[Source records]
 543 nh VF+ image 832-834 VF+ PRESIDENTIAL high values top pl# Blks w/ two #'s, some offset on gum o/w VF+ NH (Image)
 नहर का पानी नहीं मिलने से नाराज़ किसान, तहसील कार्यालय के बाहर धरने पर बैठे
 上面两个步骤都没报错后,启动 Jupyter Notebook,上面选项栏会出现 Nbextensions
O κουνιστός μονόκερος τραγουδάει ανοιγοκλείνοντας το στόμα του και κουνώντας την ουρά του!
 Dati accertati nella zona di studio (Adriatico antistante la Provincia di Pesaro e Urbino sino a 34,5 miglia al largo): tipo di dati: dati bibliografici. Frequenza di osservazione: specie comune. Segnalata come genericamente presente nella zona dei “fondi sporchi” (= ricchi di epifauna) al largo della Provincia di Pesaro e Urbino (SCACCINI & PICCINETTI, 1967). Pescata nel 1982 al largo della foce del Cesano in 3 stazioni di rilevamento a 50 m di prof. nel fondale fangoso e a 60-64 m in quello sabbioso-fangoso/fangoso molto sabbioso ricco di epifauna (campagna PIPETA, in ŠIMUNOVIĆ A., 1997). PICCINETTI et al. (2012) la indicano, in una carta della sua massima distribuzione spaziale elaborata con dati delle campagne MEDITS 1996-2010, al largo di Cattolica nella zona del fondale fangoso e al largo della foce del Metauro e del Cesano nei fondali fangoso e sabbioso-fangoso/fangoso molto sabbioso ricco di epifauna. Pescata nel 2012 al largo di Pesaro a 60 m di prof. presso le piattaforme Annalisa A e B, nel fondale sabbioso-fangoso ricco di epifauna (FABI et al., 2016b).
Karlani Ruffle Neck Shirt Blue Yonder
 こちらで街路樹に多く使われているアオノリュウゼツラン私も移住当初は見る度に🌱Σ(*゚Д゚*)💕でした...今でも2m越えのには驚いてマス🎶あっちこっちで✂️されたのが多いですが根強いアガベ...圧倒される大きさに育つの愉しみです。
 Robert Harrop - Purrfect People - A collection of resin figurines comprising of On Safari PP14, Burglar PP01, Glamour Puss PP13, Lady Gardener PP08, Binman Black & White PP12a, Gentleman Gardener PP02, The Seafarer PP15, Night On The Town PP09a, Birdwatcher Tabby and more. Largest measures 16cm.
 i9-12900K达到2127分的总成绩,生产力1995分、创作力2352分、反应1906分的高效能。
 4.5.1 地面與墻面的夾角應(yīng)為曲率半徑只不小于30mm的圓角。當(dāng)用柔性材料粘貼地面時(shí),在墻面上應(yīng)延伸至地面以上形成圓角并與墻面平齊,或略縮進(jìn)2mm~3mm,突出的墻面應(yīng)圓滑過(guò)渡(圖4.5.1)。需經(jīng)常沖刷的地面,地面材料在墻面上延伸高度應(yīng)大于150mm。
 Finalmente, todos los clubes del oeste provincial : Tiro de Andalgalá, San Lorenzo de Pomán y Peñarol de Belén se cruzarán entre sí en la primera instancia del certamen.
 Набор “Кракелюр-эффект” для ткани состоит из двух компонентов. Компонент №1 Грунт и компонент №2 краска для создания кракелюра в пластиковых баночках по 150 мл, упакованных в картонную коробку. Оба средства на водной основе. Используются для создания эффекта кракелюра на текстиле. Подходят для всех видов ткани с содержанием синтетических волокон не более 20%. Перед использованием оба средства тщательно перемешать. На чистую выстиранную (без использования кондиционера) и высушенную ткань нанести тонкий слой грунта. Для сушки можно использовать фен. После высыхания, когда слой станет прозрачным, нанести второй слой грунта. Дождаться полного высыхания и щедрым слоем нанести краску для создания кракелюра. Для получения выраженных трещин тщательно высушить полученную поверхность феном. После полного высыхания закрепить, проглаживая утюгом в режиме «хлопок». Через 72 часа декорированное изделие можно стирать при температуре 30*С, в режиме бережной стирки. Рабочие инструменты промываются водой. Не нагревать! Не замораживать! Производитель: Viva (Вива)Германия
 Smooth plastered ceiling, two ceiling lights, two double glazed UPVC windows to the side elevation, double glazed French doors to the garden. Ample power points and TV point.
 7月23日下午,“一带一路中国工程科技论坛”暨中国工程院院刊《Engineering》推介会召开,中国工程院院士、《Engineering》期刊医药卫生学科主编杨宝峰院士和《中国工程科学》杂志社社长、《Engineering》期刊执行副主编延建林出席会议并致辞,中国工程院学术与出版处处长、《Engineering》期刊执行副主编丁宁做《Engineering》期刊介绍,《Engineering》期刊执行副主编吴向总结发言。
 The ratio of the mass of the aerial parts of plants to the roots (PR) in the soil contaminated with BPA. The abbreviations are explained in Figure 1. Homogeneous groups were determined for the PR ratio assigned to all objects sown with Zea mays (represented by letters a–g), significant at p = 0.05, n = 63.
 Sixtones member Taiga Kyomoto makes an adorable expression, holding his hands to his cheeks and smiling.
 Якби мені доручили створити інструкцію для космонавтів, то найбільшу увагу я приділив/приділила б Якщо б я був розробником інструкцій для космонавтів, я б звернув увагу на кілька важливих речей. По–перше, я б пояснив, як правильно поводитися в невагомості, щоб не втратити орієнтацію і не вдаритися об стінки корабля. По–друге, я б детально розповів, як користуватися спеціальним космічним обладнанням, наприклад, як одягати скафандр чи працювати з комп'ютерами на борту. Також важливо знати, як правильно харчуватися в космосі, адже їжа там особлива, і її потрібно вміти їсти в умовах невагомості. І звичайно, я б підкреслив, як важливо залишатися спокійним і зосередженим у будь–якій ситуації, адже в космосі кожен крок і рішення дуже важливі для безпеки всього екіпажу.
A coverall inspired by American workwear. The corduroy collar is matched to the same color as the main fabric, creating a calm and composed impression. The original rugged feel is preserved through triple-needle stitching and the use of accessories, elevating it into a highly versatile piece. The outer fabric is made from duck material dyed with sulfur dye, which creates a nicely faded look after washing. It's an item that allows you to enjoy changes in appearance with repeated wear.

* _HOW TO COMPLETE THIS TASK_: The records above are to be restated word for word.

* _EXPECTED ANSWER_:
 543 nh VF+ image 832-834 VF+ PRESIDENTIAL high values top pl# Blks w/ two #'s, some offset on gum o/w VF+ NH (Image)
 नहर का पानी नहीं मिलने से नाराज़ किसान, तहसील कार्यालय के बाहर धरने पर बैठे
 上面两个步骤都没报错后,启动 Jupyter Notebook,上面选项栏会出现 Nbextensions
O κουνιστός μονόκερος τραγουδάει ανοιγοκλείνοντας το στόμα του και κουνώντας την ουρά του!
 Dati accertati nella zona di studio (Adriatico antistante la Provincia di Pesaro e Urbino sino a 34,5 miglia al largo): tipo di dati: dati bibliografici. Frequenza di osservazione: specie comune. Segnalata come genericamente presente nella zona dei “fondi sporchi” (= ricchi di epifauna) al largo della Provincia di Pesaro e Urbino (SCACCINI & PICCINETTI, 1967). Pescata nel 1982 al largo della foce del Cesano in 3 stazioni di rilevamento a 50 m di prof. nel fondale fangoso e a 60-64 m in quello sabbioso-fangoso/fangoso molto sabbioso ricco di epifauna (campagna PIPETA, in ŠIMUNOVIĆ A., 1997). PICCINETTI et al. (2012) la indicano, in una carta della sua massima distribuzione spaziale elaborata con dati delle campagne MEDITS 1996-2010, al largo di Cattolica nella zona del fondale fangoso e al largo della foce del Metauro e del Cesano nei fondali fangoso e sabbioso-fangoso/fangoso molto sabbioso ricco di epifauna. Pescata nel 2012 al largo di Pesaro a 60 m di prof. presso le piattaforme Annalisa A e B, nel fondale sabbioso-fangoso ricco di epifauna (FABI et al., 2016b).
Karlani Ruffle Neck Shirt Blue Yonder
 こちらで街路樹に多く使われているアオノリュウゼツラン私も移住当初は見る度に🌱Σ(*゚Д゚*)💕でした...今でも2m越えのには驚いてマス🎶あっちこっちで✂️されたのが多いですが根強いアガベ...圧倒される大きさに育つの愉しみです。
 Robert Harrop - Purrfect People - A collection of resin figurines comprising of On Safari PP14, Burglar PP01, Glamour Puss PP13, Lady Gardener PP08, Binman Black & White PP12a, Gentleman Gardener PP02, The Seafarer PP15, Night On The Town PP09a, Birdwatcher Tabby and more. Largest measures 16cm.
 i9-12900K达到2127分的总成绩,生产力1995分、创作力2352分、反应1906分的高效能。
 4.5.1 地面與墻面的夾角應(yīng)為曲率半徑只不小于30mm的圓角。當(dāng)用柔性材料粘貼地面時(shí),在墻面上應(yīng)延伸至地面以上形成圓角并與墻面平齊,或略縮進(jìn)2mm~3mm,突出的墻面應(yīng)圓滑過(guò)渡(圖4.5.1)。需經(jīng)常沖刷的地面,地面材料在墻面上延伸高度應(yīng)大于150mm。
 Finalmente, todos los clubes del oeste provincial : Tiro de Andalgalá, San Lorenzo de Pomán y Peñarol de Belén se cruzarán entre sí en la primera instancia del certamen.
 Набор “Кракелюр-эффект” для ткани состоит из двух компонентов. Компонент №1 Грунт и компонент №2 краска для создания кракелюра в пластиковых баночках по 150 мл, упакованных в картонную коробку. Оба средства на водной основе. Используются для создания эффекта кракелюра на текстиле. Подходят для всех видов ткани с содержанием синтетических волокон не более 20%. Перед использованием оба средства тщательно перемешать. На чистую выстиранную (без использования кондиционера) и высушенную ткань нанести тонкий слой грунта. Для сушки можно использовать фен. После высыхания, когда слой станет прозрачным, нанести второй слой грунта. Дождаться полного высыхания и щедрым слоем нанести краску для создания кракелюра. Для получения выраженных трещин тщательно высушить полученную поверхность феном. После полного высыхания закрепить, проглаживая утюгом в режиме «хлопок». Через 72 часа декорированное изделие можно стирать при температуре 30*С, в режиме бережной стирки. Рабочие инструменты промываются водой. Не нагревать! Не замораживать! Производитель: Viva (Вива)Германия
 Smooth plastered ceiling, two ceiling lights, two double glazed UPVC windows to the side elevation, double glazed French doors to the garden. Ample power points and TV point.
 7月23日下午,“一带一路中国工程科技论坛”暨中国工程院院刊《Engineering》推介会召开,中国工程院院士、《Engineering》期刊医药卫生学科主编杨宝峰院士和《中国工程科学》杂志社社长、《Engineering》期刊执行副主编延建林出席会议并致辞,中国工程院学术与出版处处长、《Engineering》期刊执行副主编丁宁做《Engineering》期刊介绍,《Engineering》期刊执行副主编吴向总结发言。
 The ratio of the mass of the aerial parts of plants to the roots (PR) in the soil contaminated with BPA. The abbreviations are explained in Figure 1. Homogeneous groups were determined for the PR ratio assigned to all objects sown with Zea mays (represented by letters a–g), significant at p = 0.05, n = 63.
 Sixtones member Taiga Kyomoto makes an adorable expression, holding his hands to his cheeks and smiling.
 Якби мені доручили створити інструкцію для космонавтів, то найбільшу увагу я приділив/приділила б Якщо б я був розробником інструкцій для космонавтів, я б звернув увагу на кілька важливих речей. По–перше, я б пояснив, як правильно поводитися в невагомості, щоб не втратити орієнтацію і не вдаритися об стінки корабля. По–друге, я б детально розповів, як користуватися спеціальним космічним обладнанням, наприклад, як одягати скафандр чи працювати з комп'ютерами на борту. Також важливо знати, як правильно харчуватися в космосі, адже їжа там особлива, і її потрібно вміти їсти в умовах невагомості. І звичайно, я б підкреслив, як важливо залишатися спокійним і зосередженим у будь–якій ситуації, адже в космосі кожен крок і рішення дуже важливі для безпеки всього екіпажу.
A coverall inspired by American workwear. The corduroy collar is matched to the same color as the main fabric, creating a calm and composed impression. The original rugged feel is preserved through triple-needle stitching and the use of accessories, elevating it into a highly versatile piece. The outer fabric is made from duck material dyed with sulfur dye, which creates a nicely faded look after washing. It's an item that allows you to enjoy changes in appearance with repeated wear.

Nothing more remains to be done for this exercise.